Sen. Graham expresses concerns over war criminals

Senator Lindsey Graham has joined with some other high profile Senate veterans to ask the White House to keep war criminal prosecution out of civilian courts.
U.S. Senators Lindsey Graham (R-South Carolina), Joe Lieberman (ID-Connecticut), John McCain (R-Arizona), and Jim Webb (D-Virginia) today sent a letter to President Obama expressing concern over reports the Administration may try Khalid Sheik Mohammed and other alleged war criminals in civilian courts. The Senators say that military commissions are the appropriate forum to try suspected terrorists and war criminals.
Khalid Sheik Mohammed, is considered to be behind the September 11 terrorist attacks.
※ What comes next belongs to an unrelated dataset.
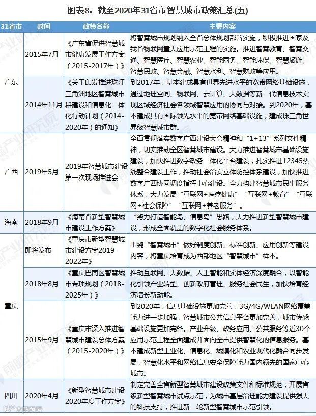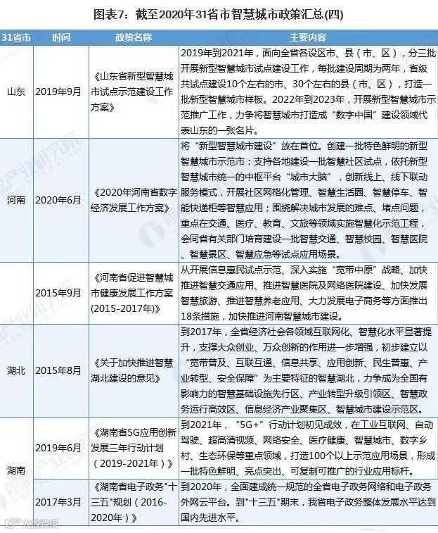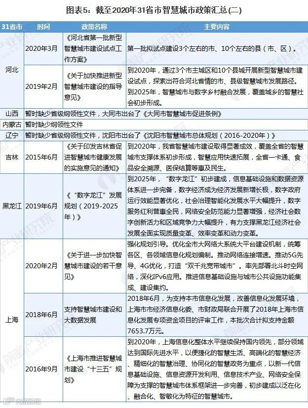 2015年底,中央网信办、国家互联网信息办提出了"新型智慧城市"概念,自此,深圳、广东、上海、北京等地都相继开始建设"新型智慧城市"项目。以陕西、河北、山东、江苏等为代表的多个省市出台了智慧城市发展的顶层政策,衔接上级部门,指导地方城市,逐步形成部门协同、上下联动、层级衔接的新型智慧城市发展新格局。

In the letter to the White House they said: “Civilian trials would treat the war on terrorism as a law enforcement operation, rather than a war, and would treat its alleged perpetrators as common criminals, instead of violators of the law of war.”
They say that the revised military commission procedures contained in S. 1390, the National Defense Authorization Act for Fiscal Year 2010, not only meet but surpass the fundamental standards of fairness and due process required by our Supreme Court, the Geneva Conventions, and the rules of the International Criminal Court.
Last month, the Senate adopted an amendment to S. 1390 that expresses the Sense of the Congress that military commissions are the preferred forum for prosecution for violations of the law of war. The revised military commission procedures are likely to become law in the coming months, and the courtroom personnel and facilities at Guantanamo Bay are ready to continue prosecutions at that point.
That is where Senator Graham and his colleagues want to see these suspected war criminals tried by military commission.